• Records to use
-- Opening Marker --
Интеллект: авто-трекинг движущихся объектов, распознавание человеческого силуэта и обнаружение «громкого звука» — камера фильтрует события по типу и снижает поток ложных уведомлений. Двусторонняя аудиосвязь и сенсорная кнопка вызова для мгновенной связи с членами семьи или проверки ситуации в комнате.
-- Closing Marker --
-- Opening Marker --
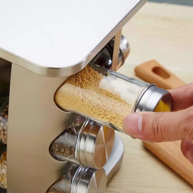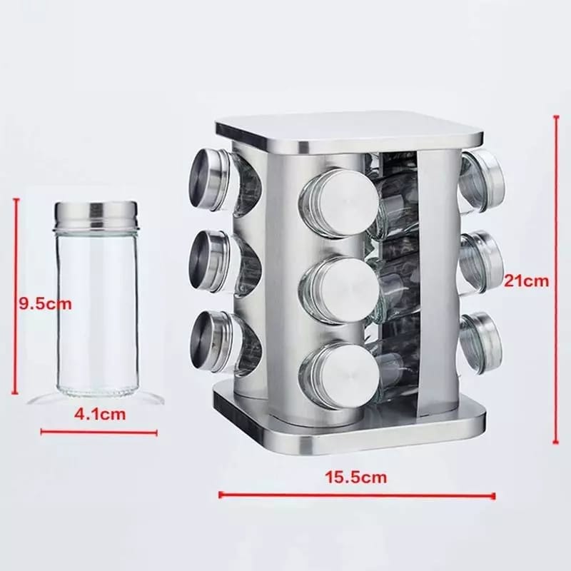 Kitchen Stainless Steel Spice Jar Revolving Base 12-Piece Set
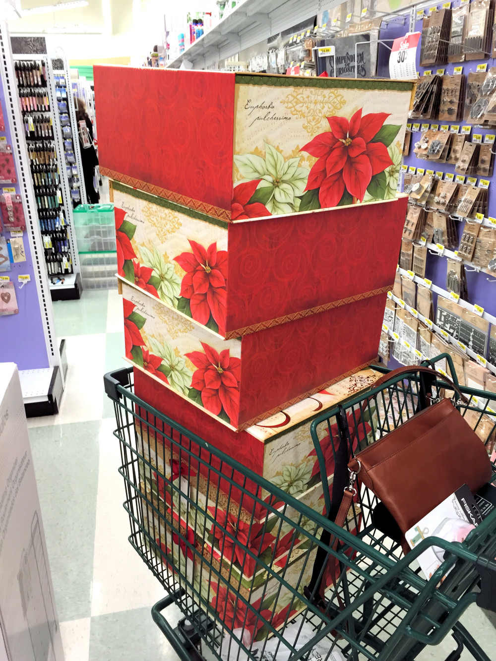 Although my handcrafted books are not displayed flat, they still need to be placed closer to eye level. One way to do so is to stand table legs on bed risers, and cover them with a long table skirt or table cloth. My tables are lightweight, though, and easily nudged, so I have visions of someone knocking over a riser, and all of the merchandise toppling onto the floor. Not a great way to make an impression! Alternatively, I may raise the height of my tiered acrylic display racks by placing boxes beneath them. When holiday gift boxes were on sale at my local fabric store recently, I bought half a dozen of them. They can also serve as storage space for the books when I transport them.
-- Closing Marker --
-- Opening Marker --
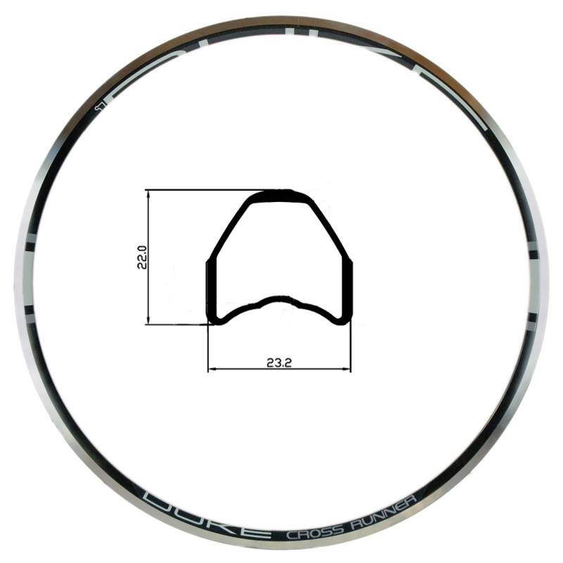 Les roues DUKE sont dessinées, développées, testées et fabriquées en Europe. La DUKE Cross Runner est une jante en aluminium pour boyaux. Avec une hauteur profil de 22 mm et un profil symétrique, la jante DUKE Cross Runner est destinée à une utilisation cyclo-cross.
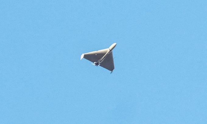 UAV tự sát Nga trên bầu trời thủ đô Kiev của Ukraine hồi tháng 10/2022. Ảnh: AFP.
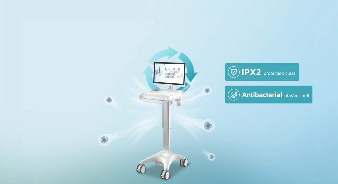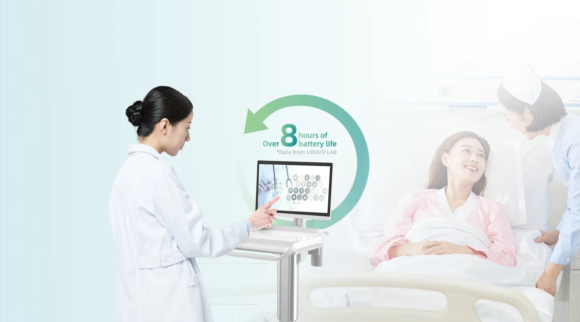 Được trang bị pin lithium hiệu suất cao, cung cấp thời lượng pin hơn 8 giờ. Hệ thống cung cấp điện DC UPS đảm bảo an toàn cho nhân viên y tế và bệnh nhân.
-- Closing Marker --
• What is required
Return word for word the lines of the listing above, starting at the line with "Les roues DUKE" and ending at the line with "UAV tự sát Nga", both included. Pictures do not belong in the copy.

• Written answer
 Les roues DUKE sont dessinées, développées, testées et fabriquées en Europe. La DUKE Cross Runner est une jante en aluminium pour boyaux. Avec une hauteur profil de 22 mm et un profil symétrique, la jante DUKE Cross Runner est destinée à une utilisation cyclo-cross.
 UAV tự sát Nga trên bầu trời thủ đô Kiev của Ukraine hồi tháng 10/2022. Ảnh: AFP.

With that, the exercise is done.